La cartographie de SE, comme tous les exercices de modélisation, est une représentation simplifiée de la réalité. D’une part cette simplification est inévitable en raison de la complexité des processus qui dirigent la fourniture de SE. D’autre part cette simplification est souhaitable pour acquérir une compréhension généralisable de la fourniture des SE. Dès lors l’objectif n’est pas de prendre en compte systématiquement toutes les spécificités des territoires étudiés mais d’être capable de différencier les spécificités importantes de celles qui peuvent être négligées. Parmi les solutions envisageables, l’implication d’acteurs ou d’experts locaux lors de l’élaboration des hypothèses utilisées dans les modèles de SE permet de limiter à moindre coût les approximations dues aux spécificités locales.

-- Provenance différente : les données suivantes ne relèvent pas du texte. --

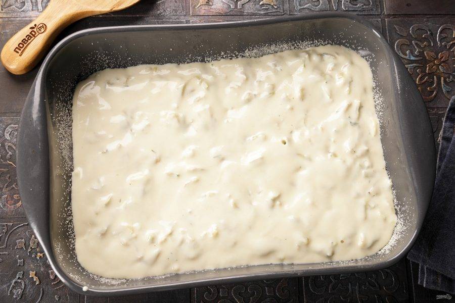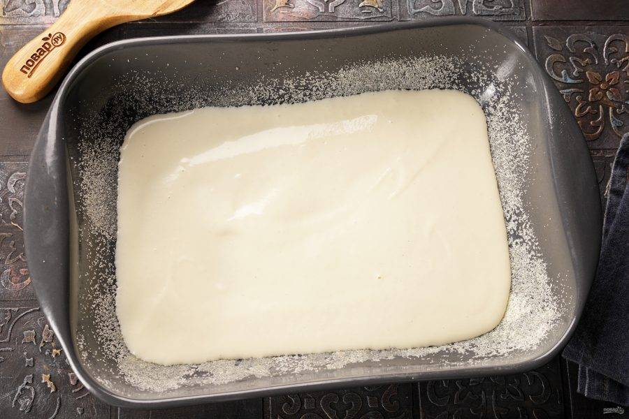 Жаропрочную глубокую форму смажьте маслом. Дно и бока присыпьте мукой или манкой. Вылейте половину подготовленного теста в форму и лопаткой или ложкой аккуратно распределите по всей форме ровным слоем.
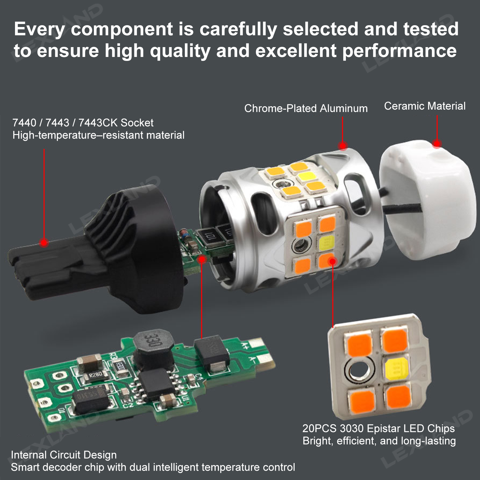Stable Performance: The new 7443 LED bulbs feature an Intelligent Thermal Control System (ITCS) to maintain stable performance even in high-temperature environments. The bulbs are made with a textured aluminum housing and internal heat sinks to improve heat dissipation and extend lifespan.

4.1.3. La nature des indicateurs

Chaque SE peut être évalué par plusieurs indicateurs, souvent diversifiés en termes de domaines d’information. Par ailleurs, l’indicateur final utilisé pour cartographier les SE peut représenter des facettes différentes de la fourniture de SE – fourniture potentielle, demande, fourniture réelle (Villamagna et al. 2013; Schröter et al. 2014). La diversité des indicateurs utilisés pour évaluer les SE peut avoir de fortes conséquences sur notre capacité à mettre en regard les cartes produites par différents projets (Egoh et al. 2012). Dans notre étude les SE de production de bois, de régulation des crues et de régulation de climat sont cartographiés à partir d’indicateurs différents entre les deux projets. Par exemple dans le projet ESNET le SE de régulation du climat est évalué par une estimation du carbone stocké dans les écosystèmes. Dans le projet VOLANTE, ce même SE est évalué par la capacité des écosystèmes à séquestrer chaque année du carbone (cette mesure correspond à une synthèse des flux de carbone sur une année). La comparaison des cartes du SE de régulation du climat montre que

Chapitre II

le projet ESNET présente des estimations largement supérieures au projet VOLANTE dans les forêts d’altitude sur les 3 massifs de la zone d’étude. Ces forêts correspondent à un climax forestier de résineux et stocke, par conséquent, une grande quantité de carbone. En parallèle ces milieux sont également très stables et produisent peu de nouvelle biomasse. En conséquence la séquestration annuelle de carbone de ces milieux forestiers est faible. Pour ces secteurs les différences entre les deux cartes peuvent être expliquées par la définition variable de l’indicateur utilisé pour cartographier le SE de régulation du climat

La grande diversité d’indicateurs utilisés pour cartographier les SE a fait l’objet de nombreux débats. En réponse d’importants travaux ont été conduits pour classer est harmoniser les indicateurs utilisés pour cartographier les SE (Haines-Young and Potschin 2013; Maes et al. 2016). Nous recommandons d’utiliser les indicateurs identifiés par ces travaux dans le cas de projets visant explicitement à établir des comparaisons entre sites ou entre échelles. Cependant, la comparaison de SE modélisés par des approches différentes permet de faire des validations croisées entre projet et d’évaluer la robustesse des modélisations (Bagstad et al. 2013; Lavorel et al. 2017).